According to a new analysis from Wood Mackenzie, wind turbine prices are expected to increase by up to 10% over the next 12 to 18 months due to increases in commodity prices, logistics costs and coronavirus-related challenges.
As noted in a recent Wood Mackenzie report, a rise in steel, copper, aluminium and fiber prices, coupled with a four-fold increase in logistics costs, have increased turbine prices over the last six months. Wood Mackenzie expects this trend to continue for the next four to five quarters.
“Turbine OEMs and component suppliers face a double whammy of cost increases and demand softening over the coming two years due to the U.S. PTC and China feed-in-tariff (FiT) phase-outs,” explains Shashi Barla, Wood Mackenzie principal analyst. “Despite this rise in costs, we expect turbine prices to return to normal levels by the end of 2022.”
With the U.S.-China trade war not showing any signs of improving, turbine OEMs are facing further cost pressures. This has forced the likes of Vestas, Siemens Gamesa and Nordex to explore alternative supply hubs, such as India.
“The ‘India for India’ and ‘India for Global’ supply chain strategies are encouraging leading turbine component suppliers to follow their turbine OEM customers into the Asia-Pacific nation,” Barla adds.

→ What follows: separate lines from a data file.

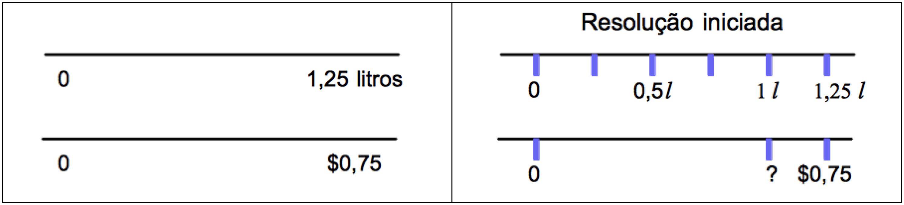 Orril e Brown (2012) desenvolveram uma estratégia chamada Dobro do Número de Linhas (Double Number Line – DNL), que contribui para a compreensão das relações proporcionais existentes entre quantidades de naturezas diferentes, a taxa. Para ilustrar tal estratégia, citaremos um dos exemplos utilizados pelos autores, conforme mostra a Figura 1.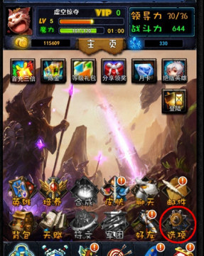 2、然后我们可以在游戏首页看到【选项】按钮,单击进入选项窗口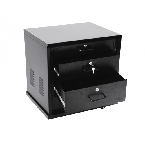 - Integrierte Stützschiene in den Seitenteilen für schwere Geräte wie Endstufen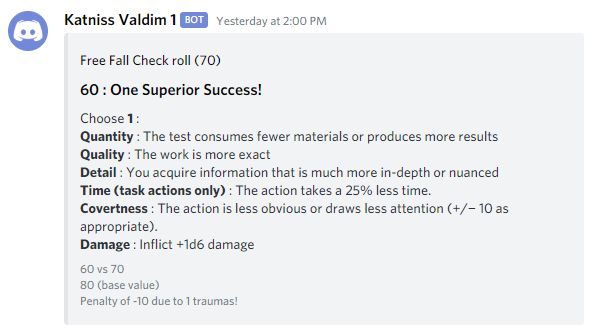 Ce que j'ai fait, c'est jsute rajouter un système pour que quand tu faits un jet de dés sur ta fiche de perso, ça envoye le résultat directement sur un serveur discord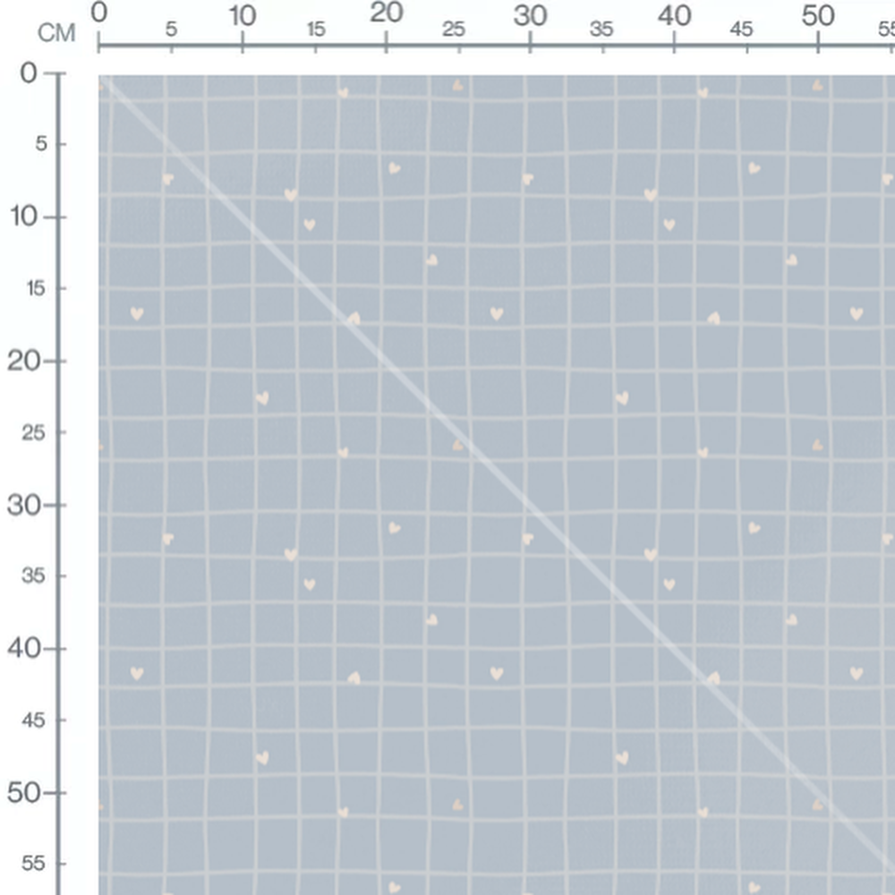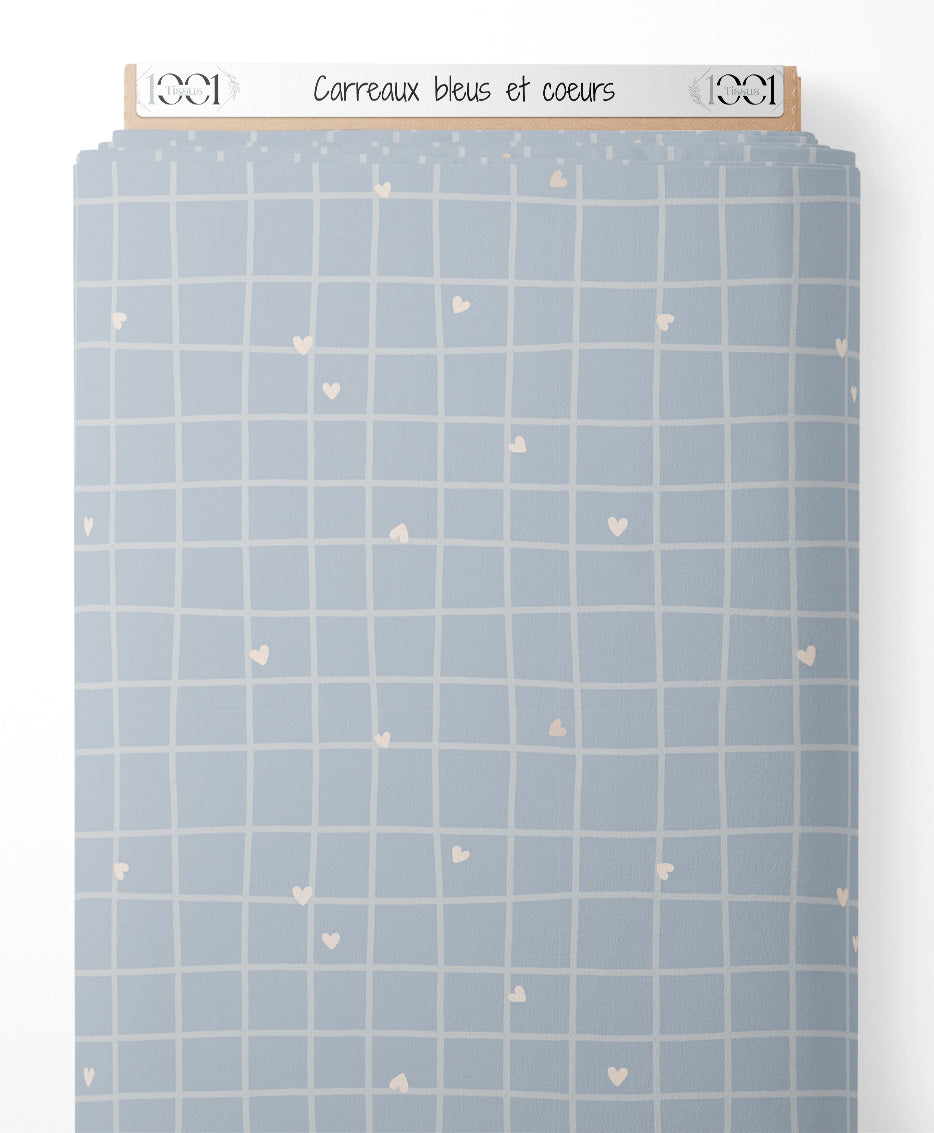 Les cœurs blancs sont dispersés sur une grille de carreaux bleus clairs. Le motif combine des éléments géométriques et des symboles doux.Les tissus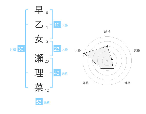 早乙女 瀬理菜さんを姓名の画数から五運を鑑定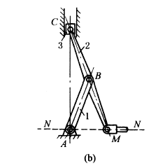 下图a,机构尺寸满足关系:L1=L2、L3=L4、L5=L6=L7=L8,当杆2转动时,Q点的轨迹为垂直于OA的一条直线。 图b,机构尺寸满足关系:AB=BC=BM,当滑块3沿垂直线上下滑动时,杆2端点M沿水平线NN作精确直线运动。 |
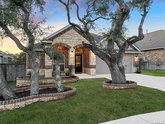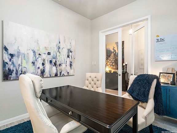 LOCATION, LOCATION, LOCATION! This gorgeous one-story smart home is nestled in the beautiful community of Fronterra at Westpointe with plenty of character. Magnificent home with obvious pride in ownership situated on a premium green belt lot, over 2000 sq ft of living area, 3 bedrooms, 2 bathrooms, separate office w/oversized glass french doors, roomy flex room, spacious dining room, soaring high ceilings, 3 sides brick/stone, 5-inch gutters w/leaf guards, tankless gas water heater, sprinkler system, dimensional heavy duty shingle roof, upgraded new carpet installed in all bedrooms 2023, premium stainless steel appliances, and immaculate lavish tile throughout the majority of home. Impressive master bedroom suite to include master bathroom oasis w/separate garden tub & walk-in shower. Opulent kitchen w/island, elegant quartz countertops, custom 42-inch cabinetry, gas cooking, and exuberant architecture throughout. Smart home features control the entry door, garage, oven, master blinds, central air, and irrigation system. Enjoy a visit from the neighborhood deer in this serene backyard w/rear rod iron fence, covered patio, and lovely mature trees. Come and see this charming gem today! Near Lackland AFB, SeaWorld, UTSA, and the Alamo Ranch shopping center! Minutes from major interchanges 1604/HWY 151 and 410/HWY 151.3D VIRTUAL TOUR AVAILABLE.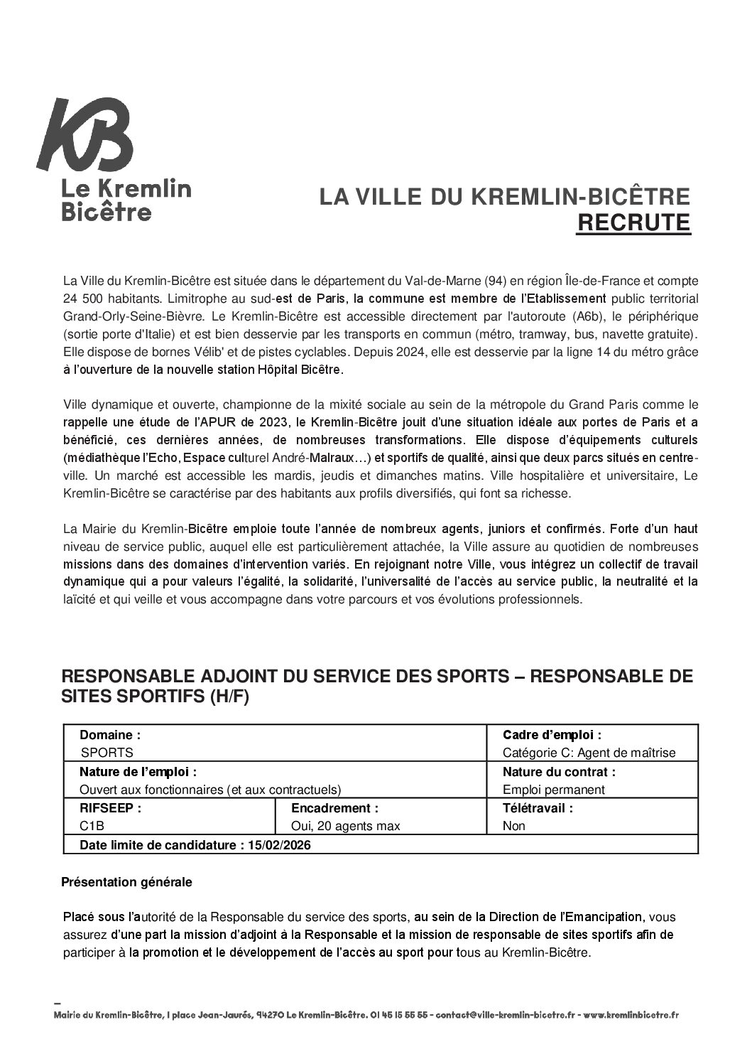 • Responsable adjoint du service des sports - Responsable de sites sportifs H/F PDF - 180,1 ko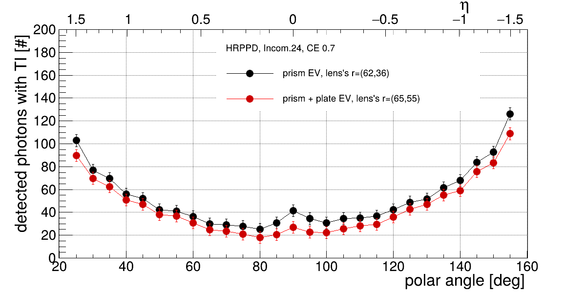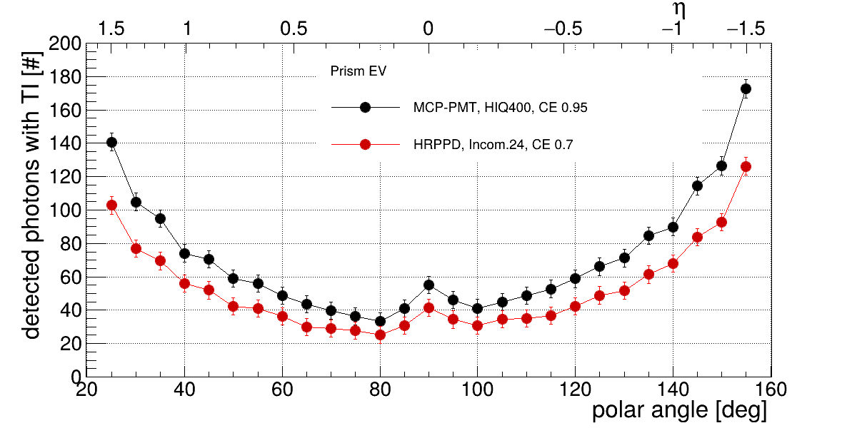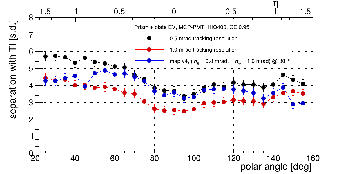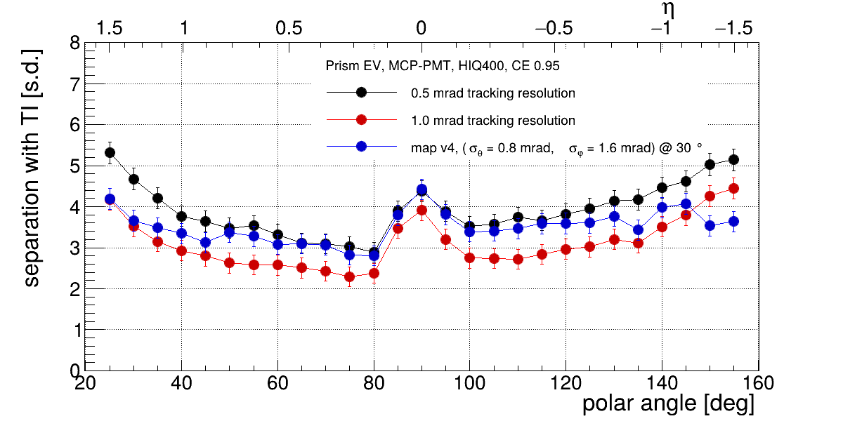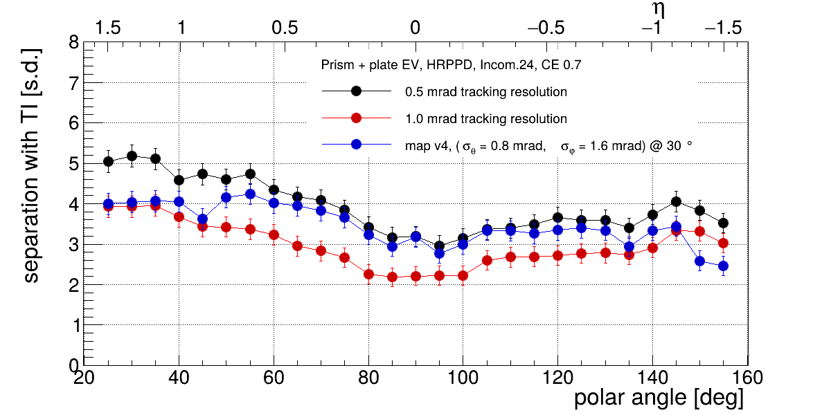 Updated performance plots for hpDIRC. Comparison to "prism + plate" EV. 15.10.25

“As expected, demand increases in India have failed to materialize, therefore allowing OEMs and suppliers to leverage excess production capacity to serve export markets cost-effectively. As OEMs continue to manufacture the latest generation turbines in India, component suppliers are expanding within the market to produce components closer to their clients’ nacelle factories.”
According to Wood Mackenzie, as market conditions continue to evolve, OEMs and turbine suppliers must adopt next-generation technologies and materials because supply chain bottle necks for important materials will emerge over the next four to five years.
“If the capacity of critical capital components and raw materials does not expand over the next two years, the wind turbine industry will encounter supply constraints that could pose issues for country-level decarbonization targets,” Barla says.
“Offshore nacelle capacity, carbon fibers, pultrusions, permanent magnet generators, large-diameter main shaft bearings, gearbox bearings, semi-conductors, and specialized castings are at risk of future shortages.”
Wind power is facing the same headwinds of rapid inflation, increased threat of federal regulatory increase as every other industry. Commodity and transportation prices that go into any large industrial product are very hard hit as demand, bad federal resource policy and disrupted supply chains are now widespread in the United States.
Does this mean that wind is going to give up a quarter of the drop that occurred in 2017 (40%) or something else?